Politics were different then. Agee, the Tennessee Episcopalian, was pretty far to the left of the government of Cuba which, in 1937, was in the early years of the thrall of military dictator Fulgencio Batista.
It was 20 years before anyone had heard of Castro. For that matter, it was before anyone had even heard of Desi Arnaz. Maybe Havana was a destination more exotic than some, but a fairly common vacation for the affluent American. Cuba was in some regards freer than the United States. Gambling was legal, and so were all manner of alcoholic drinks. During Prohibition, Americans went to Havana to get really drunk. They kept the habit even after rum became legal here.
The Oriente dumped its load of American tourists in Havana, where they boarded automobiles for a guided tour of the highlights of Havana.

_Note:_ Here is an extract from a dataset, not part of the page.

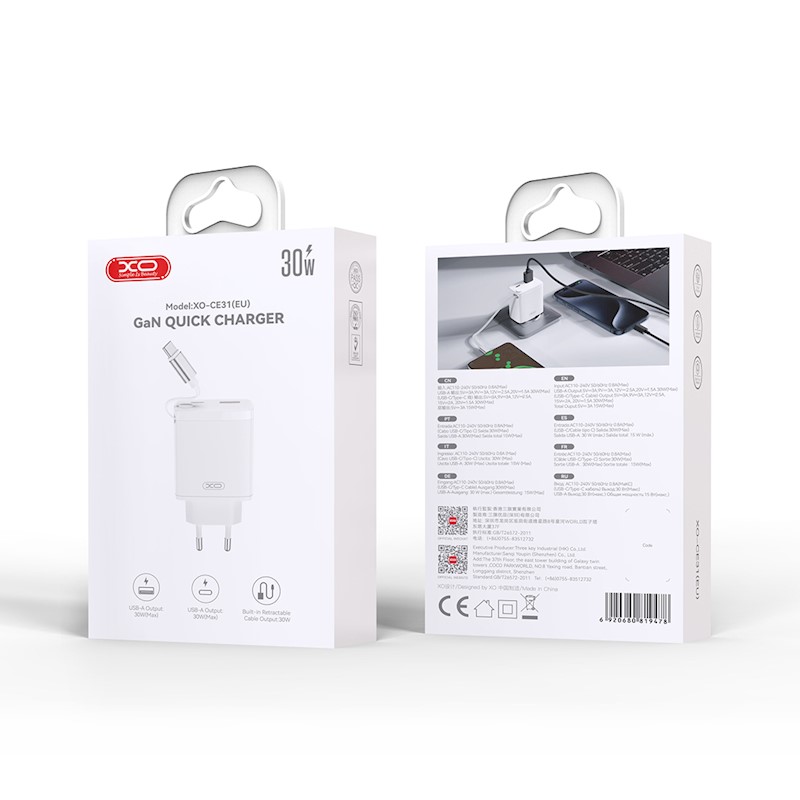 Ο φορτιστής τοίχου XO CE31 είναι μια πρακτική και ισχυρή λύση φόρτισης, ιδανική για καθημερινή χρήση και ταξίδια. Με συνολική ισχύ 30W, υποστηρίζει ταχεία φόρτιση μέσω των θυρών USB-C PD και USB-A QC, ενώ διαθέτει ενσωματωμένο αναδιπλούμενο καλώδιο USB-C για επιπλέον ευκολία.

One particular corner bar in Havana made a fortune catering to Americans’ fantasies of Havana, and became a legend, at least to Americans. Opened by a Cuban named Jose—his last name was either Garcia, Abeal, Otero, or some combination of the three—it became known as Sloppy Joe’s. (It’s not to be confused with another bar of the same name in Key West, advertised on T-shirts with the big bearded face of former patron Hemingway.)

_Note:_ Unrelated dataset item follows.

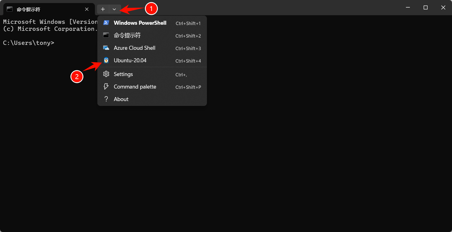 - 要重新进入Ubuntu系统可以通过在windows终端的下拉箭头菜单里直接进入

“At Sloppy Joe’s, the Grant’s Tomb of bars, at which no self-respecting Cuban would be caught dead, the tourists themselves seemed a little embarrassed,” Agee wrote. “They huddled rather silent in the bar, and few of them ordered more than one drink.”
Agee, a connoisseur of bars in New York, was not much impressed with Sloppy Joe’s.
“Night life in one of the whoriest cities in the Western Hemisphere was represented by the San Souci, meaning carefree, and the Casino, meaning casino. Lowing gently, the tourists stepped out of their vans. The marble floors were absolutely beautiful. The trees were just exquisite. The music was every bit as smooth as Wayne King,” the mainstream-radio bandleader, “and even the native Cubans that went there seemed an awfully, nice, refined class of people.”
After four hours of sleep, a “heroic majority” of the tourists “spent the morning buying cigars, perfumes, rum, and souvenirs. Later they hung at the rail and talked of Havana,” Agee wrote. “Of those who liked Havana, the elder spoke of it as quaint, the more youthful as cute. Most of the passengers disliked Havana and were happy to be leaving it.”
For a travel article that appeared in one issue of Fortune, “Havana Cruise” has enjoyed unusual attention from scholars for decades.
French author Genevieve Moreau remarked that “Agee raises his piece to the level of profound social criticism,” a commentary on “the essential emptiness of middle-class life.”
Poet and critic Robert Fitzgerald called “Havana Cruise” a “masterpiece of ferocity.”
Of course, it’s not mainly about Havana, but about people with a little money and no clear idea of what to do with it. Despite Agee’s dismissal of Sloppy Joe’s, there’s one thing to envy.
Havana, which has since endured a brutal dictatorship, a violent revolution, years of Soviet domination, and another brutal dictatorship, still has a bar called Sloppy Joe’s. It was closed for some years, when American tourists were scarce, but reopened three years ago, in the same famous corner location, with its famous 59-foot-long bar and array of rum.
And Sloppy Joe’s isn’t even one of the oldest bars in Havana. The Floridita is almost two centuries old.
Knoxville, James Agee’s hometown, which has selected Republican representation in Congress every two years for a century and a half, is a seemingly more stable place than Havana. But Knoxville has no single restaurant, bar, cafe, or snack shop that James Agee would recognize from his lifetime.